In this study, we developed a computational model to simulate SCS using directional leads and compared their performance to traditional percutaneous leads. Specifically, we analyzed the electric field distributions and nerve fiber activation patterns generated by both lead types under varying current intensities. Additionally, we investigated the impact of directional lead rotation and contact angle on stimulation outcomes, as well as the characteristics of ECAP signals recorded from differently oriented contacts under various conditions.

To our knowledge, this is the first study on the electric field and the range of nerve fiber activation generated by the directional lead in SCS. Fiber activation is primarily determined by the AF along the axis of the nerve fibers [32]. Due to the directional focusing characteristics of directional leads, more current is concentrated through the small electrode contacts facing the spinal cord, resulting in higher local current densities. Our simulations demonstrated that at a stimulation current of 8 mA, the number of activated DC fibers with the directional lead was more than double that activated by the traditional percutaneous lead—highlighting the current-focusing advantage of directional designs.

When current intensities of 8 mA, 9 mA, and 10 mA were applied to the traditional percutaneous lead, the percentages of activated DC fibers were 5.68%, 7.94%, and 18.66%, respectively. In contrast, the directional lead activated 5.57%, 6.26%, and 12.16% of fibers at 7 mA, 7.26 mA, and 8 mA, respectively. Notably, at 7 mA, the directional lead achieved a similar activation level to that of the traditional percutaneous lead at 8 mA, indicating that directional leads can achieve equivalent therapeutic effects at lower stimulation intensities. Furthermore, the results showed that fiber activation increases nonlinearly with current intensity: at higher currents, finer and more densely distributed fibers begin to activate, leading to a rapid rise in the total number of activated fibers. However, as the current continues to increase, the growth rate slows, approaching a saturation point.

To further explore the influence of contact directionality, we simulated directional lead rotation angles of 30° and 60° (Fig 4). As the angle deviated from the optimal alignment, the percentage of activated fibers dropped from 12.16% to 7.16% and 6.65%, respectively. These findings confirm that improper alignment of stimulation contacts significantly reduces stimulation efficacy, consistent with previous studies [33]. Additionally, we examined the effect of increasing the angular spacing between contacts. The results showed that larger contact angles led to greater fiber activation, suggesting a positive correlation between contact angle and activation level.

This is also the first simulation study on SCS induced ECAP signals recorded by directional leads. We compared ECAP recordings from both lead types at 8 mA (Fig 3B). Based on modelling literature [15], the E3-E0 configuration was used for comparison, as it more closely mirrors clinical recordings. At 8 mA, the E3-E0 amplitude from the traditional percutaneous lead was 244.8 μV, consistent with previous reports [15]. In contrast, the E3a-E0a amplitude recorded from the directional lead reached 363.6 μV—significantly higher than that of the traditional percutaneous lead. As current increased, ECAP amplitude also rose sharply, aligning with earlier findings [22].

Interestingly, although the directional lead activated slightly fewer fibers at 7 mA than the traditional percutaneous lead at 8 mA, it generated a higher ECAP amplitude. This suggests that the directional lead’s recording contacts may capture stronger ECAP signals. Moreover, the orientation of the recording contacts also affected the ECAP amplitude. We tested three rotational scenarios (0°, 30°, and 60°) and found that the ECAP amplitude differences across different contact orientations remained within 6% (Fig 4).
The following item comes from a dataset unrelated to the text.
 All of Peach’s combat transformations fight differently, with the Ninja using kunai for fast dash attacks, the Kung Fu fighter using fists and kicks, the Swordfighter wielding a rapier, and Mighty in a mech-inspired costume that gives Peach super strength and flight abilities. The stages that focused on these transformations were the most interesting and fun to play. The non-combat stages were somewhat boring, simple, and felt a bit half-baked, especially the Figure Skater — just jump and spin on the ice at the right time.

From a clinical perspective, the influence of recording contact orientation on ECAP amplitude is minimal and can be regarded as negligible in practical applications.
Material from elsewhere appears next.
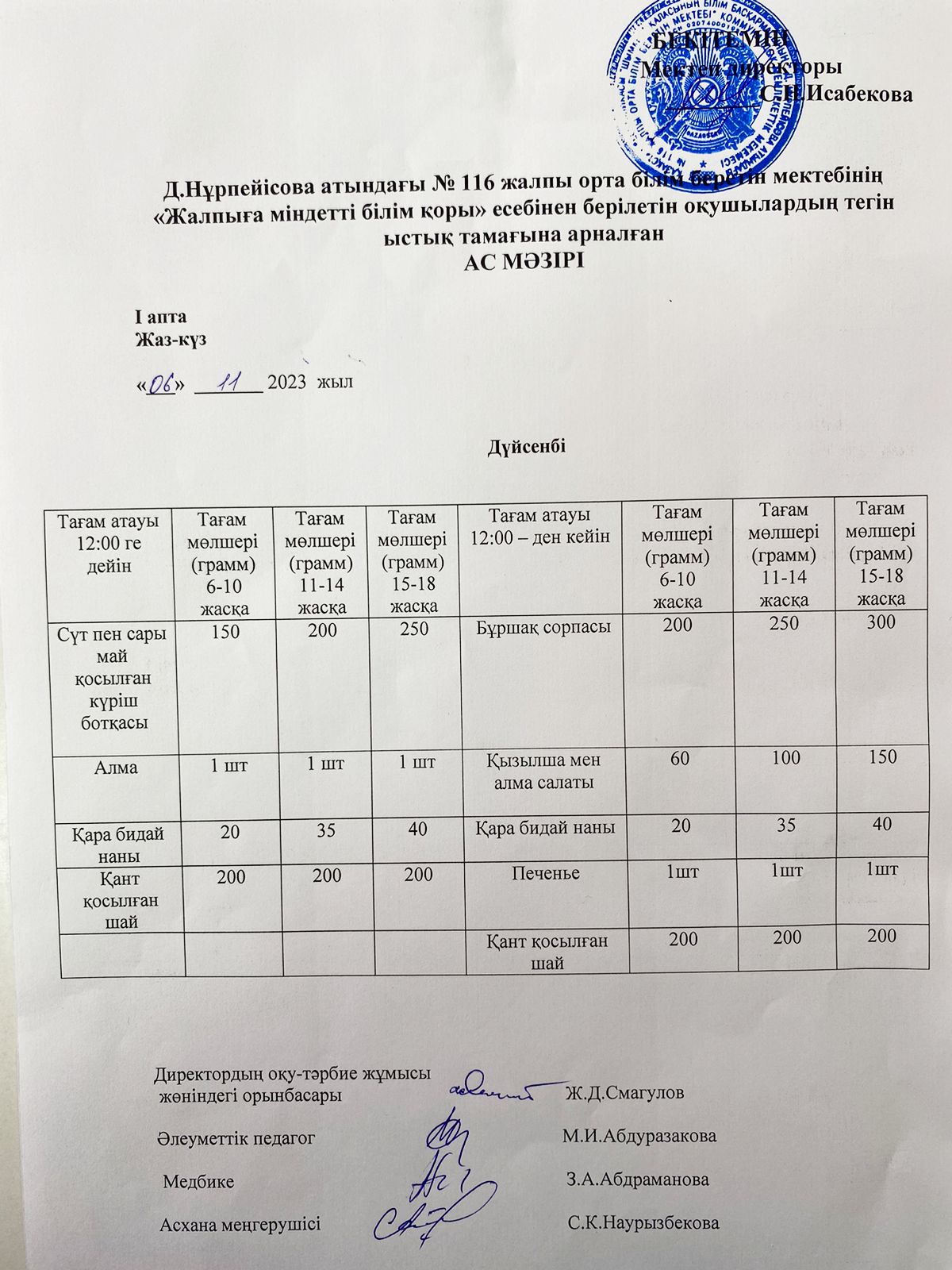 29 сентябрь 2023 Ас мәзірі

This study provided theoretical guidance for the clinical application of directional leads in SCS. Given the rapid increase in fiber activation with small increments in current, clinical systems should incorporate high-resolution current control to precisely modulate fiber recruitment and achieve more accurate pain management. Compared to traditional percutaneous leads, directional leads not only activate more fibers at the same current but also produce higher ECAP amplitudes. Therefore, ECAP-based programming strategies developed for traditional percutaneous leads may not be directly transferable and must be recalibrated for directional lead configurations.
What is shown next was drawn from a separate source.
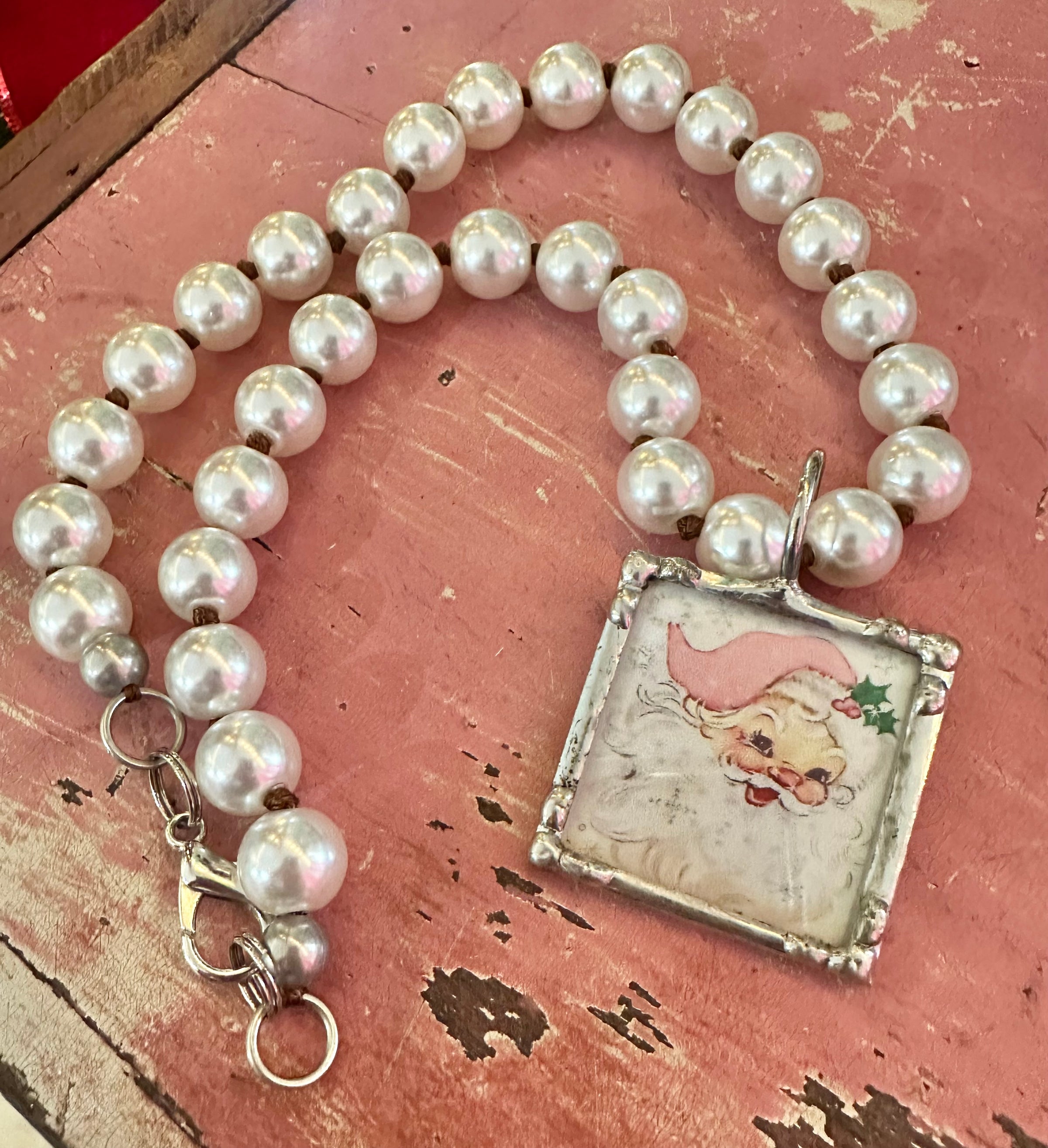Pink Pearl Soldered Santa Necklace

Directional leads also present a novel solution to the challenge of electrode rotation in clinical practice. Because ECAP amplitudes vary among the three differently oriented contacts, and the contact closest to the spinal cord yields the highest amplitude, comparing ECAP signals from all three contacts can help infer the rotational orientation of the lead. By systematically simulating ECAP responses at various rotational angles, it may be possible to establish a quantitative relationship between lead rotation and ECAP asymmetry—offering a new method for assessing and correcting lead orientation.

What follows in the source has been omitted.